» WORK ITEM:
Your response should contain only the lines running from the top of the data below through the line with "FDM - частотное", both included. Pictures must be omitted.

AVAILABLE DATA Block Start

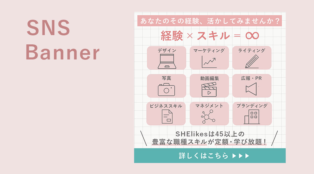 SHE株式会社様の運営するキャリアスクール「SHElikes」のLINE配信用バナーを制作し、コンペ形式で採用していただきました。
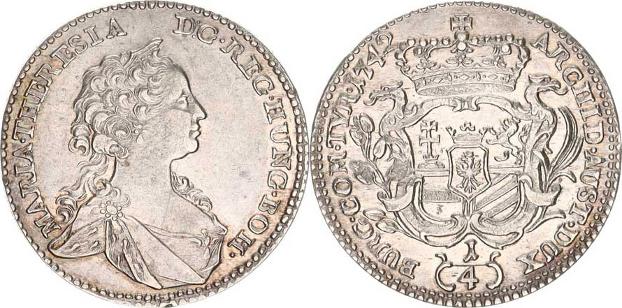 1/4 Tolar 1742 b.zn., Tyroly Hall "R" 7,24 g
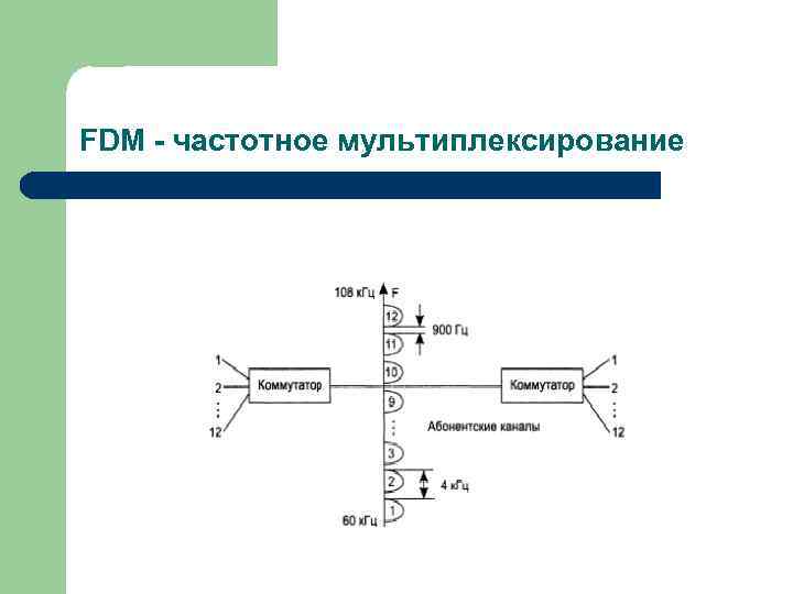 FDM - частотное мультиплексирование На вход FDM коммутатора поступают входные сигналы от абонентов телефонной сети Коммутатор выполняет перенос частоты выделенного канала в выделенный каналу диапазон Чтобы низкочастотные составляющие сигналов разных каналов не смешивались между собой, полосы делают шириной в 4 кгц, а не в 3, 1 кгц, оставляя между ними страховый промежуток в 900 гц. В канале между двумя FDM коммутаторами одновременно передаются сигналы всех абонентских каналов, но каждый из них свою полосу частот
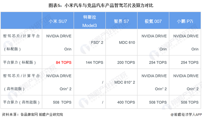 智驾芯片作为自动驾驶系统的“大脑”,对于提升车辆的自动驾驶能力和智能化水平起着至关重要的作用。在智能驾驶芯片及算力方面,小米SU7采用英伟达Orin-X智驾芯片,21.59万元的标配版算力仅有84TOPS,相较于同样搭载英伟达计算平台的极氪007和小鹏P7i而言,算力方面显著欠佳。特斯拉的FSD芯片虽然算力只有144 Tops,但其计算效率大概是GPU的三倍,与两个Orin芯片实际算力相近,同时基于强大的数据积累支撑,其智驾水平毋庸置疑。
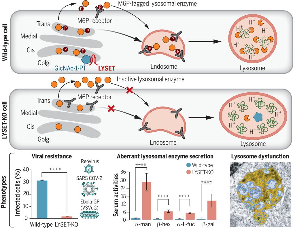 1.发现并命名溶酶体酶运输因子LYSET,揭示其在维持溶酶体稳态和病毒感染中的作用,并阐明其与溶酶体贮积病—Ⅱ型黏多糖贮积症(mucolipidosis II)的致病关联。
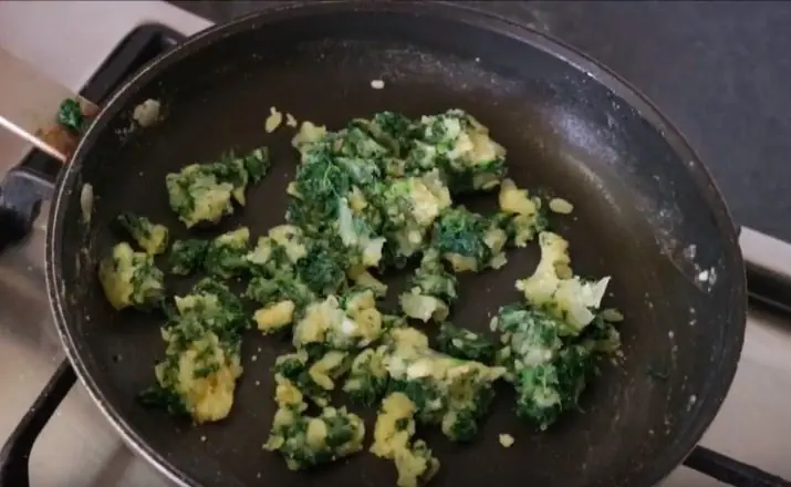 Add All-Purpose Flour (4 Tbsp) and mix together until well incorporated, then add the spinach back in. Season everything with Sea Salt (to taste) and Ground Black Pepper (to taste).
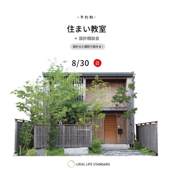 8/30の住まい教室では、設計に関するお話と個別相談会をご案内いたします。
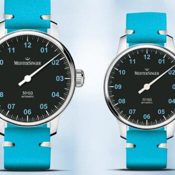 MeisterSinger klassieker №03 geeft in een gelimiteerde zwart met helder blauwe uitgave een extra zomers uiterlijk aan een van zijn iconen. Daarnaast introduceert het merk dit jaar, naast de 43 mm versie van de №03,
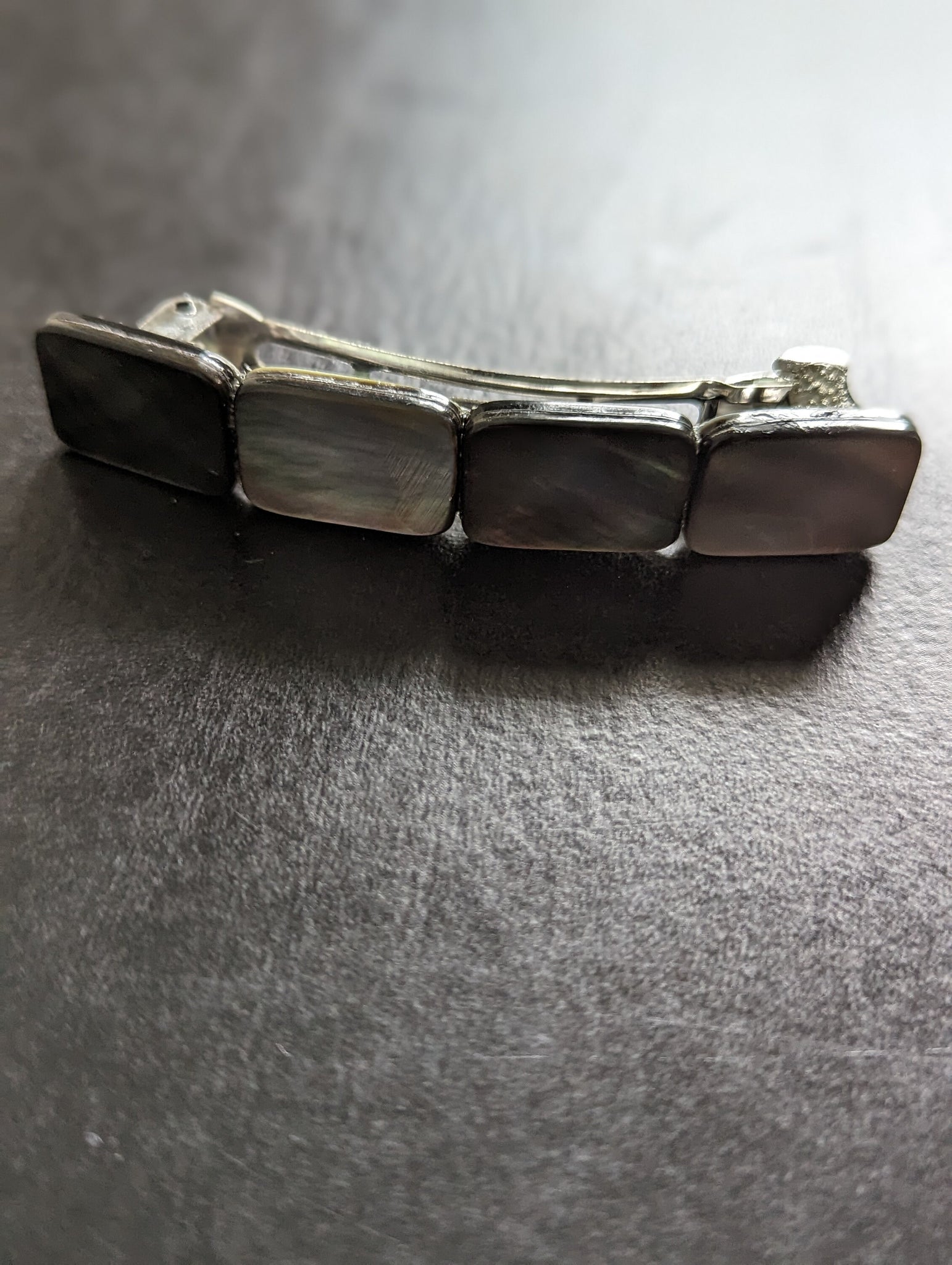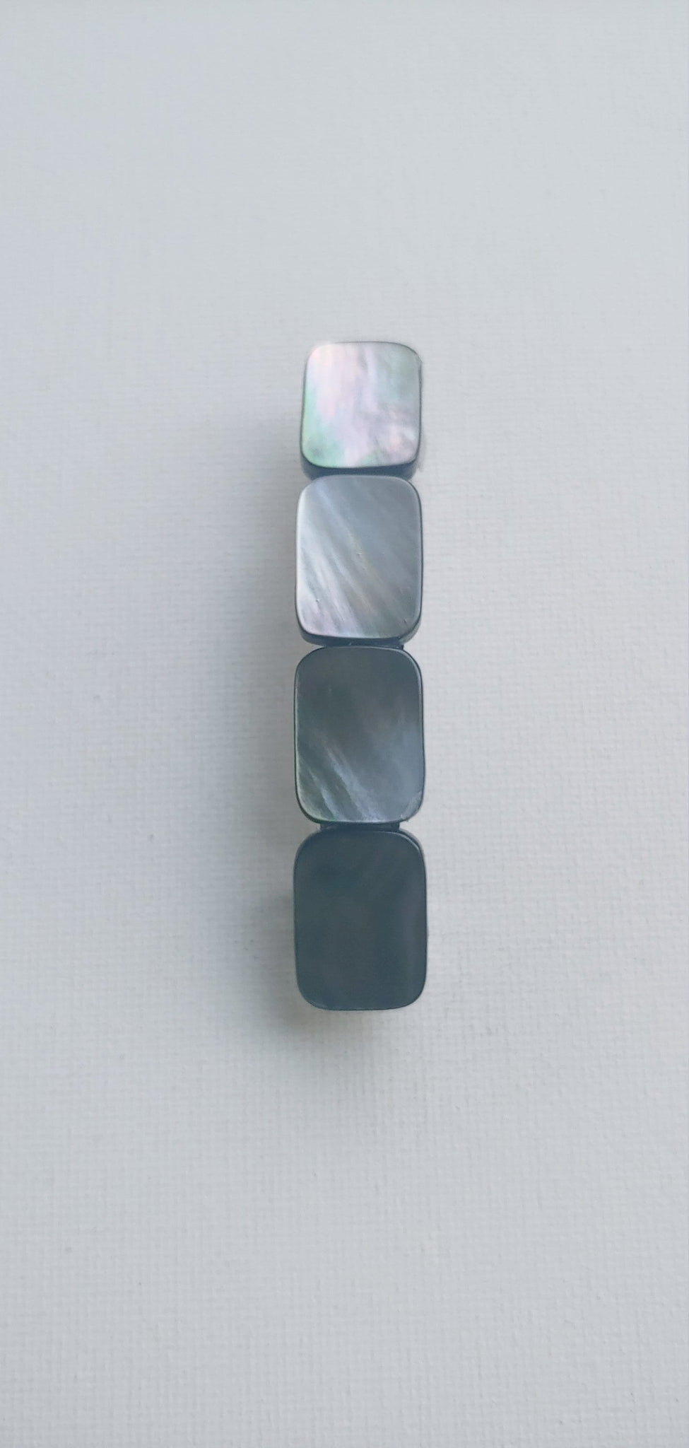 This barrette is designed with four natural shell beads mounted on a large 3 inch metal hair barrette. Can be worn with different hues of gray or black.
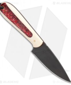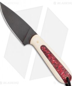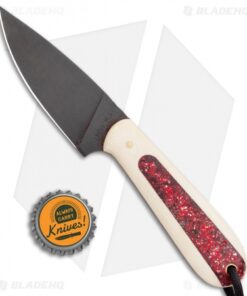 This Custom Magua fixed blade has a white G-10 handle with red candy stripe inlays and a black coated blade.
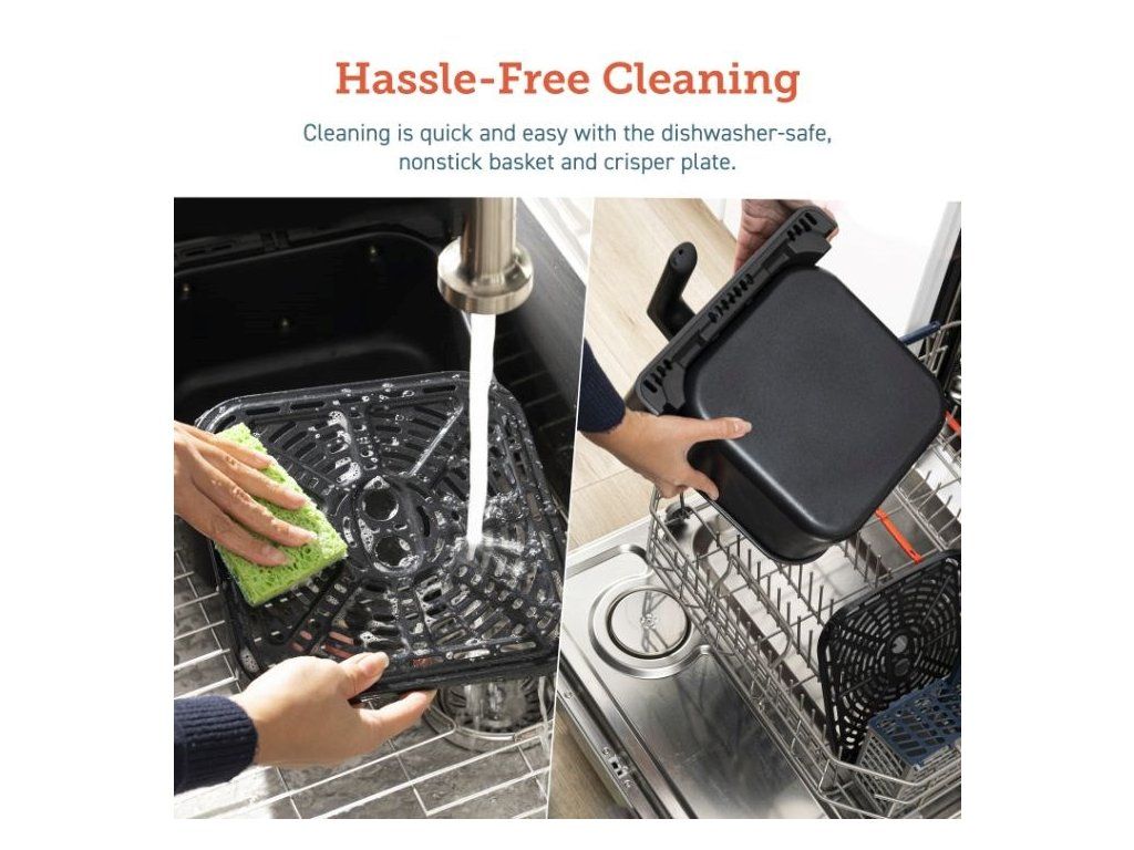 Vyjímateľný fritovací koš a nádoba sú vyrobené z odolného, nepriľnavého a zdravotne nezávadného materiálu (BPA a BFOA FREE) a je možné ich umývať v umývačke riadu. Vždy vychladená rukoväť a tlačidlo na uvoľnenie koša eliminujú riziko popálenia a nechceného uvoľnenia.

AVAILABLE DATA Block End

» RESPONSE:
 SHE株式会社様の運営するキャリアスクール「SHElikes」のLINE配信用バナーを制作し、コンペ形式で採用していただきました。
 1/4 Tolar 1742 b.zn., Tyroly Hall "R" 7,24 g
 FDM - частотное мультиплексирование На вход FDM коммутатора поступают входные сигналы от абонентов телефонной сети Коммутатор выполняет перенос частоты выделенного канала в выделенный каналу диапазон Чтобы низкочастотные составляющие сигналов разных каналов не смешивались между собой, полосы делают шириной в 4 кгц, а не в 3, 1 кгц, оставляя между ними страховый промежуток в 900 гц. В канале между двумя FDM коммутаторами одновременно передаются сигналы всех абонентских каналов, но каждый из них свою полосу частот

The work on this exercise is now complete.